Most WKD clients though prefer the Advanced Method by looking up the openpgpkey.domain.tld domain for advanced key discovery. If this DNS request fails, they will lookup domain.tld and then use this host for the direct method.

The directory structure differs between the direct and the advanced method.

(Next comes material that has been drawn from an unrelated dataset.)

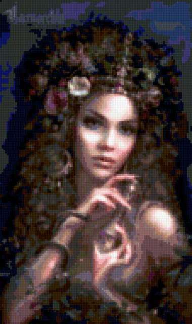 Ориентировочно так, схема вышивки «:-)», созданная автором Troyanda, будет выглядеть при отшиве на канве. Размер данной вышивки равен 113x190 крестов, при этом используется 49 цветов. Ключевые слова, по которым можно найти эту схему: девушка. Также, вы можете взглянуть на оригинальную картинку, соответствующую данной схеме вышивки.

Use webkeydirectory.com to verify your setup after setting up the WKD.

Problem Statement & Troubleshooting

While setting up a fresh installation of CachyOS this weekend, the key import via WKD failed:

I use Arch BTW!

$ gpg-wks-client --check -v --debug=ipc mail@domain.tld

gpg-wks-client: DBG: chan_3 <- # Home: /home/<user>/.gnupg
gpg-wks-client: DBG: chan_3 <- # Config: /home/<user>/.gnupg/dirmngr.conf
gpg-wks-client: DBG: chan_3 <- OK Dirmngr 2.4.9 at your service, process 5107
gpg-wks-client: DBG: connection to the dirmngr established
gpg-wks-client: DBG: chan_3 -> WKD_GET -- mail@domain.tld
gpg-wks-client: DBG: chan_3 <- S SOURCE https://openpgpkey.domain.tld
gpg-wks-client: DBG: chan_3 <- ERR 1 General error <Unspecified source>
gpg-wks-client: DBG: chan_3 -> BYE
gpg-wks-client: error looking up 'mail@domain.tld' via WKD: General error

The error message revealed nothing useful. The thing called dirmngr (spoken: dirmanager) is a tool that comes with GnuPG. It is responsible for sending or receiving information about public keys, like getting them from a keyserver or via WKD.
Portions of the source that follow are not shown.